Спасибо Jelizawiete, Lada Buskie, и Sowyatschokу.
Новости из Петербурга
«Пой до упаду
И смейся до слез!
Радуйтесь, люди –
Родился Христос!
Вот он на ручках у мамки,
И на щеках его ямки…»
(к/ф "Тень, или Может быть, всё обойдётся" 1991 г.
«Рождественская песня»)
- Как вы себя чувствуете, Яков Платонович?
Это был первый вопрос, который задала Анна, после того, как они все-таки смогли оторваться друг от друга.
Бровь Штольмана знакомо приподнялась.
- Что, вы меня даже о новостях не спросите?
Анна вздохнула, и погладила воротник его пальто.
- Думаю, о переменах к лучшему вы бы сказали сразу. Но в любом случае, мне важнее знать, что с вами все в порядке.
- К сожалению, Анна Викторовна, это… дело куда запутаннее, чем я предполагал, - медленно и серьезно произнес он, - и что-то обещать я вам … не в праве.
- Не надо ничего обещать! – вскрикнула Анна, и тут же, словно испугавшись, добавила тихо и ласково, - меня ваше здоровье волнует … куда больше.
Внезапно вспомнилась смешная девочка, требующая от сурового следователя, чтобы он немедля обратился к врачу по поводу страшного сметня. Тоже стояла вот так, распахнув синие глаза, готовая, кажется, лично тащить пострадавшего к доктору. А вполне себе взрослая шляпка отчего-то делала хозяйку еще более юной…
Он не мог не улыбнуться, потому ответ прозвучал вполне искренне:
- Да все в порядке, Анна Викторовна с моим здоровьем.
Она недоверчиво и тревожно вглядывается в его лицо. Затем немного успокаивается. Осторожно прижимает к себе еловую веточку, и берет Штольмана под руку.
- Тогда давайте пройдемся вместе. А вы расскажете, что еще смогли узнать.
Они выбираются из зарослей, и выходят на тропинку. Вокруг – никого, голоса посетителей парка слабо доносятся с центральных аллей. Штольман хмурится.
- Вы опять неосторожны, Анна Викторовна! Зачем было приходить сюда?
- Я просто гуляла, - Анна снова нюхает ветку, с видом совершенно счастливым и просветленным.
- Аня, а если бы к вам со спины подошел не я? – спрашивает Штольман, остановившись.
Она вздрагивает. Смотрит на него – сперва упрямо, потом беспомощно и виновато. Покаянно произносит:
- Я сама не заметила, как оказалась здесь. Просто забыла… что опасно.
Когда Анна признает вину, сердиться решительно невозможно.
- Я не могу все время охранять вас, - произносит он с горечью, - мне вообще сейчас рядом с вами лучше не появляться!

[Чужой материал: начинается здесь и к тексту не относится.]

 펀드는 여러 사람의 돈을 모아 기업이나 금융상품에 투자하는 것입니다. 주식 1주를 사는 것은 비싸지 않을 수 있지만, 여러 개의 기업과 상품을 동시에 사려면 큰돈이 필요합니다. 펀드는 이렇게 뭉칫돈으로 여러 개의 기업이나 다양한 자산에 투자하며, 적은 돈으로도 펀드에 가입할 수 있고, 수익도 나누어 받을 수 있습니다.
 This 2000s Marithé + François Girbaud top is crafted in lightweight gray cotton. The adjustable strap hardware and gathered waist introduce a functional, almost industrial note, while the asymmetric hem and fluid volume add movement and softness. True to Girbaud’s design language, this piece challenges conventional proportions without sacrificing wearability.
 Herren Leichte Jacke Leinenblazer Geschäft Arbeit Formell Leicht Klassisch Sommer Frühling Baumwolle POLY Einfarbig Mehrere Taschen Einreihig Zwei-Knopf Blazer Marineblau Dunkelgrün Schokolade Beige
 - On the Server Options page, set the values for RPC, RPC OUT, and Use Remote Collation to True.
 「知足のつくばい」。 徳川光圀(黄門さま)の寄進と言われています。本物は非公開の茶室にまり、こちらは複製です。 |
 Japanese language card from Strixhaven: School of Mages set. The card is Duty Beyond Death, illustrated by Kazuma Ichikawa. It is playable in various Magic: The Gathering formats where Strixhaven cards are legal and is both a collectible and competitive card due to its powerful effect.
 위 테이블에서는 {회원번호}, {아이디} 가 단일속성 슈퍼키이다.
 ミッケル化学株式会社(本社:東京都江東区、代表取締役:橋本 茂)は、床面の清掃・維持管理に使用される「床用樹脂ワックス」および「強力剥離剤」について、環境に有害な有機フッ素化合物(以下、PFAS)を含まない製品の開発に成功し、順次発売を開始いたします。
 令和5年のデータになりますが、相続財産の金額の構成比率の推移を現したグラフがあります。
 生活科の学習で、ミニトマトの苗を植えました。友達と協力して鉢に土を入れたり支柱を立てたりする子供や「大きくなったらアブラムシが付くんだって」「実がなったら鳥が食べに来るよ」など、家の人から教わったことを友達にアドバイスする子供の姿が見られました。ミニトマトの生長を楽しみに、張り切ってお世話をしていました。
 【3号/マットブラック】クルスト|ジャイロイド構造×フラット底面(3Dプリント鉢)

Она только крепче вцепляется в его локоть.
- Нет! Совсем не лучше.
- Мне ясно дали понять, что обычным путем я не добьюсь развода, - очень спокойно сообщает Штольман, - судя по всему, кому-то наверху необходим этот нелепый брак. И только поимка Крутина дает слабый шанс на … мое освобождение. И мое присутствие вас не защищает, а напротив…
Взгляд Анна опять становится решительным и непреклонным.
- Я никогда не обращала на это внимание, - говорит она, - и сейчас не собираюсь. А вот если я опять потеряю вас, - ее голос прерывается, - или хотя бы лишусь возможности вас видеть… разговаривать…
Она вздергивает подбородок.
- Ничего я не боюсь. И Крутина не боюсь. Если знаю, что мы – вместе, - и спрашивает уже почти с отчаянием, - ведь мы – вместе?
Штольман сжимает ее пальцы.
- Да.
Появляться среди людей ему и самому не хочется. Поэтому они так и бредут окраинами парка, порой с некоторым трудом помещаясь на узких тропках. Хорошо, что хромота прошла. Почти…
Анна снова перехватывает ветку с шишками так, чтобы она касалась ее лица. Задумавшись о чем-то, глубоко вздыхает. И задает несколько неожиданный вопрос:
- Яков Платонович, а вы этого мальчика… Володю… Навещали?
- Да, - отвечает он, - ему скучно. Учится хорошо, но говорит, что все это уже знает.
Анна качает головой:
- Он скучает по матери. А кроме того, ведь через три недели – Рождество. Все-таки неправильно это – проводить такой праздник в школе. Без семьи…
Невероятно. Ее преследует маньяк-гипнотизер. Репутация разрушена. Множатся слухи и сплетни. Брак, способный защитить – невозможен. И о чем думает Анна Викторовна? О душевном состоянии ребенка госпожи Нежинской.
Приостановившись, Штольман опять касается ее руки.
- Сомневаюсь, что Володя вообще знает, что такое домашние праздники. Думаю, их у него никогда не было.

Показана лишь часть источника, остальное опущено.